What the task asks:
Beneath this line are entries. Copy the range from the line with "York Hills Centre" to the line with "AUGUST 2023 –", ends included, exactly; leave pictures out.

Supplied data:
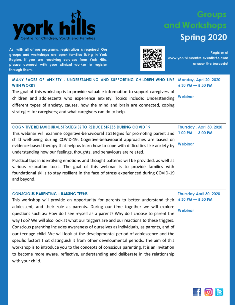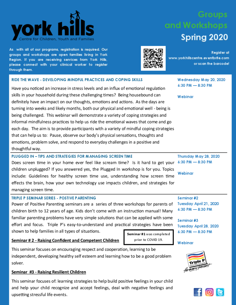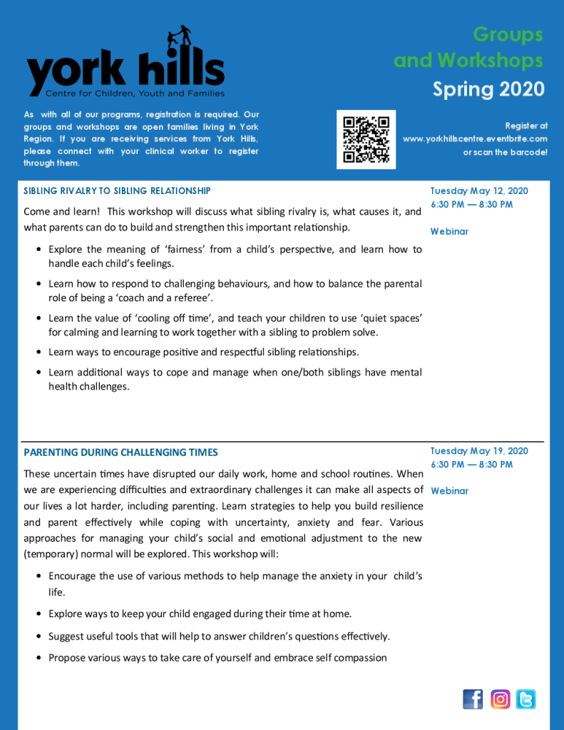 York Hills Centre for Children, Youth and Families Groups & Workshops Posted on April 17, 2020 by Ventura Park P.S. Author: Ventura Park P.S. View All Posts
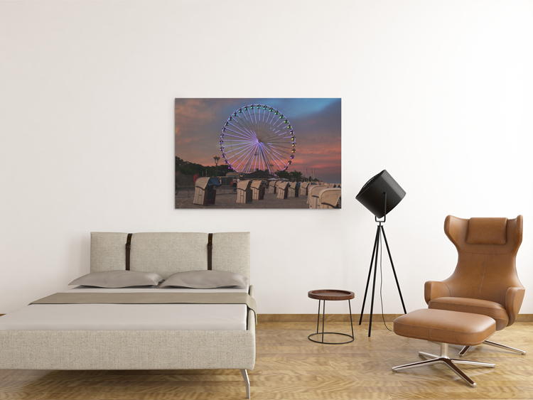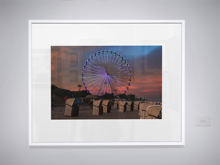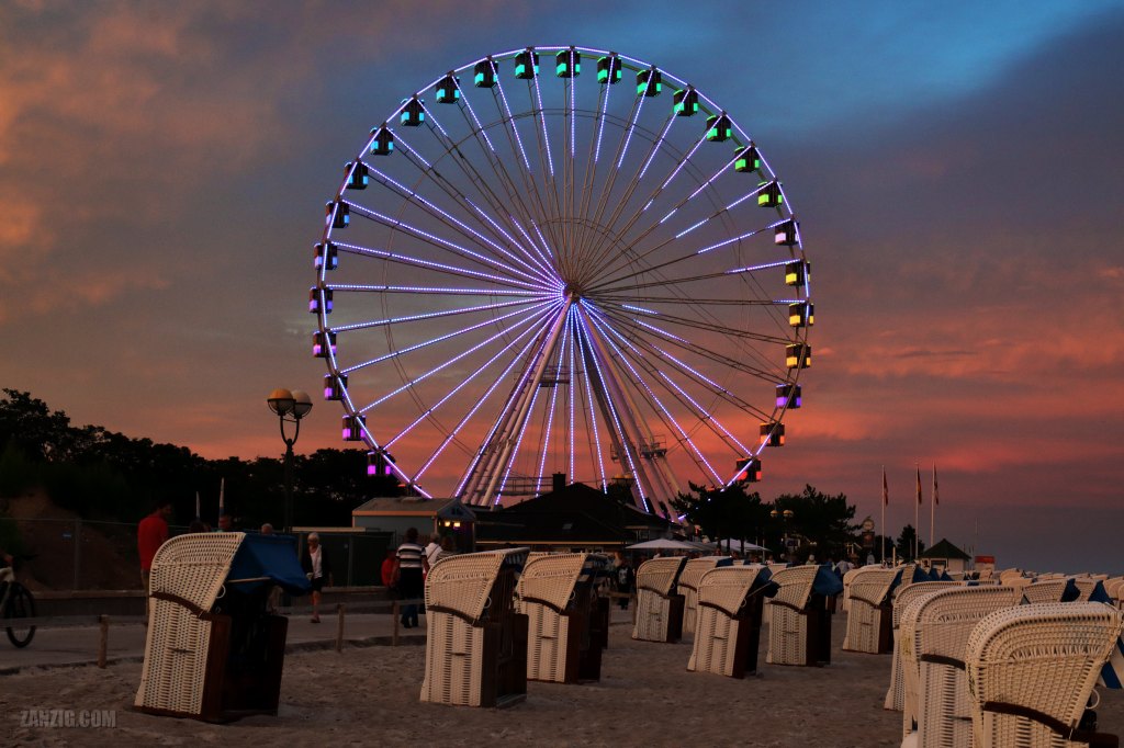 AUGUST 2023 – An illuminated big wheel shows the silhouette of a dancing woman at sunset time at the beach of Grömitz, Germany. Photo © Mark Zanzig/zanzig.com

==

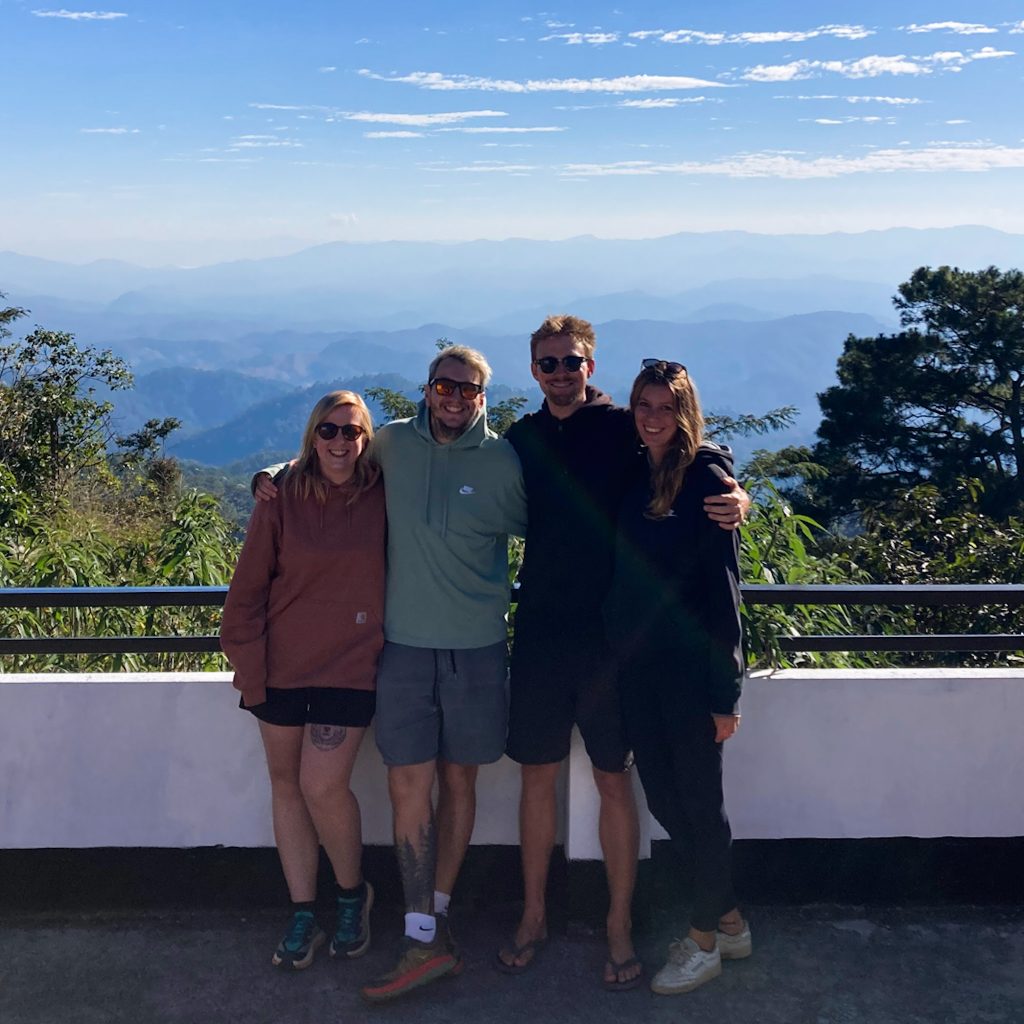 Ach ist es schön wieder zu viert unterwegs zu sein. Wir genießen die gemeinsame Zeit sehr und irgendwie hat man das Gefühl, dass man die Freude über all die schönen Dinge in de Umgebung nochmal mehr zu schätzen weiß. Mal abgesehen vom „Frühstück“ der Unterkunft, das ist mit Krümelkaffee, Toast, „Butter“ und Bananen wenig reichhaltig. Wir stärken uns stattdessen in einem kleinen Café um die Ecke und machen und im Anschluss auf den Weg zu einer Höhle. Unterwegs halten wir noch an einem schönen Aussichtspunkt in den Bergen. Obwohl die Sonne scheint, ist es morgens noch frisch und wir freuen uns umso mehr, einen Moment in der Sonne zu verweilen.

Written solution:
 York Hills Centre for Children, Youth and Families Groups & Workshops Posted on April 17, 2020 by Ventura Park P.S. Author: Ventura Park P.S. View All Posts
 AUGUST 2023 – An illuminated big wheel shows the silhouette of a dancing woman at sunset time at the beach of Grömitz, Germany. Photo © Mark Zanzig/zanzig.com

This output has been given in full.